| EXERCISE |
From the entries below, please output exactly the lines starting at the one containing "Obdélníková vana Adriana" and ending at the one containing "연구에서는 CNN을 이용한", both included.

| EXERCISE INPUT |
++++++++++++++++++++
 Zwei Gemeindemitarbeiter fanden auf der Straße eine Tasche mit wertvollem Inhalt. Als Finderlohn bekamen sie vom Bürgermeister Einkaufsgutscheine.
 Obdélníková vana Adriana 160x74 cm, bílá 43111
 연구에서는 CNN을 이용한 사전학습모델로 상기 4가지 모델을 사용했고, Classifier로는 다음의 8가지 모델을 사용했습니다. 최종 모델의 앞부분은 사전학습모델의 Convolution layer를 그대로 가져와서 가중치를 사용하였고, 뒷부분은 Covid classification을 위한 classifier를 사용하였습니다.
++++++++++++++++++++
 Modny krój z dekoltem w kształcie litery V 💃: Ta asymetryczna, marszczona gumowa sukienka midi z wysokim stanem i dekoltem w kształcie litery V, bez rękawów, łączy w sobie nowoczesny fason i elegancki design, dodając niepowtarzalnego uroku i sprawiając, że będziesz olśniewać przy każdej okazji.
++++++++++++++++++++
| FINAL ANSWER |
 Obdélníková vana Adriana 160x74 cm, bílá 43111
 연구에서는 CNN을 이용한 사전학습모델로 상기 4가지 모델을 사용했고, Classifier로는 다음의 8가지 모델을 사용했습니다. 최종 모델의 앞부분은 사전학습모델의 Convolution layer를 그대로 가져와서 가중치를 사용하였고, 뒷부분은 Covid classification을 위한 classifier를 사용하였습니다.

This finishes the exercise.